One of the practical examples often used is the case of Boeing and Airbus companies. This issue was brought to attention by the offering of Subsidies by government to Boeing as compared to Airbus. The analysts indicated that by denying the Airbus the subsidies it actually put Boeing ahead in terms of competition. This was after Boeing launched it two big airplanes Boeing 757 and 767. This conception is experienced in their day to day operation.
For example if Airbus intends to launch a product that Boeing has already launched which means it has a prior advantage in market, it will have to consider to enter the market or stay out and earn zero profit. If Airbus enters the market, Boeing will have to weigh to accommodate Airbus without intervention of the market, or it may decide to wage a war price such as reduction of price or offering other components. The decision arrived may be based on analytical method such as backward induction among others
Panasonic is one of the largest /east companies that have been known to succeed with a lot of greatness. Its founder Matsuhita Konosuke, attributed that success to the power intuition. According to him he articulates his success to a Japanese belief I Ching. According to the believe ; having a lot of troubles make one’s will perfect and less difficulties ruins the being, when you reach a deadlock you have to look for options and change and the fact that its not the business man who should own the idea but there should be some natural principle or a social being behind it (Goussev 2008)
This man who did not attend any formal education is credited with the invention of second generation bicycle power batteries. He also made the first electric iron. He also devised and instituted his company dividing it into three departments for handling radios, lighting and batteries respectively. In the organization’s motivation policy known as ‘Matsuhita spirit’ the giant electronic company was formed. He also established a institute called PHP after the war.
He is accredited with great decisions such as expansion to America, his collaboration with Phillips company and the famous 1956 electric boom as a result of Panasonic’s five year expansion plan (Florida R, 2002). At his era there were few analytical methods known to entrepreneurs but he single handed managed to form the Giant Company. His company had branches in New York, Thai, Mauritius and his homeland Japan.

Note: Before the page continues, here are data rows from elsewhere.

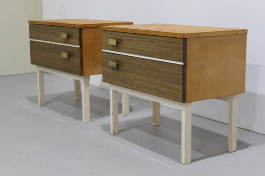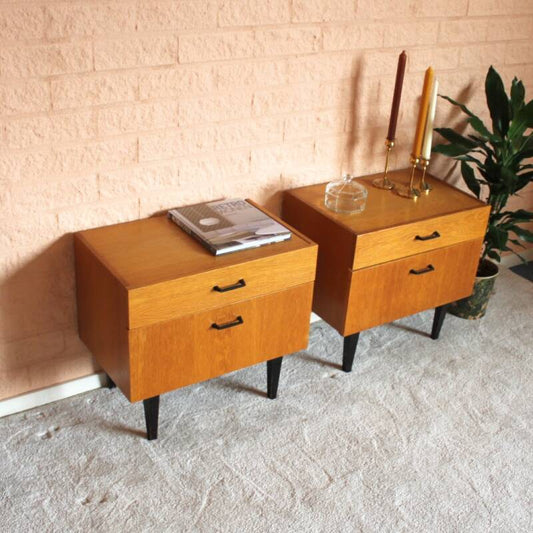 Vintage set nachtkastjes, ladekastjes - licht hout, mid century | 01042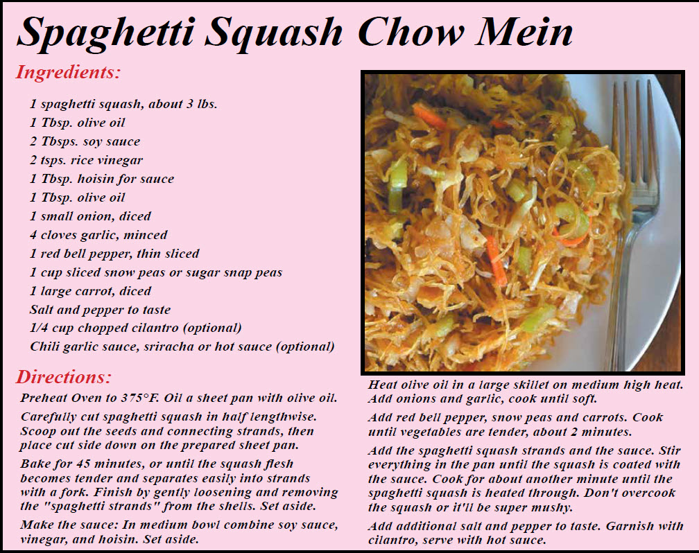 This week’s recipe is one of my favorite types of food. I love all types of Asian food and this spaghetti squash chow mein is not only delicious, but it is also a great healthy alternative. I love to add chicken to this dish, but shrimp is also delicious as well as ground pork. I hope you enjoy it as much as my family does.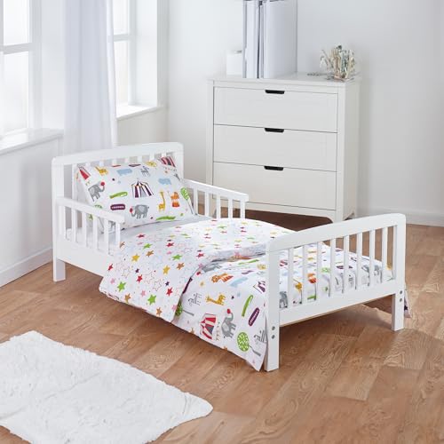ELEGANT BABY Complete 5 Piece Kids White Toddler Bed Bundle with Kinder Flow Mattress and Circus Friends Reversible Bedding Set | Junior Bed and Children's Bed

His death in 1989 was greatly celebrated for having founded one of the greatest Electric companies.
The management of any organization is faced opportunities and it ought to evaluate the various options at it disposal. The above discussed method will be very handy in solving such issues.
List of references
D’Aveni R A (2001). Strategic supremacy – how industry leaders create growth, wealth, and power through spheres of influence. New York. Free Press.
Eliezer S. Yudkowsky (2010) Twelve Virtues of Rationality. Web.
Florida R (2002) Rise of the creative class – and how it’s transforming work, leisure, community and everyday life. New York: Basic Books.
Goussev M, 2007. From Tao to Dow: Tapping into your inner wisdom and intuition in decision making with the ancient Chinese classic the book of changes. Web.
Haines, Stephen G (2000). Systems thinking approach to strategic planning and management. Boca Raton: St. Lucie Press.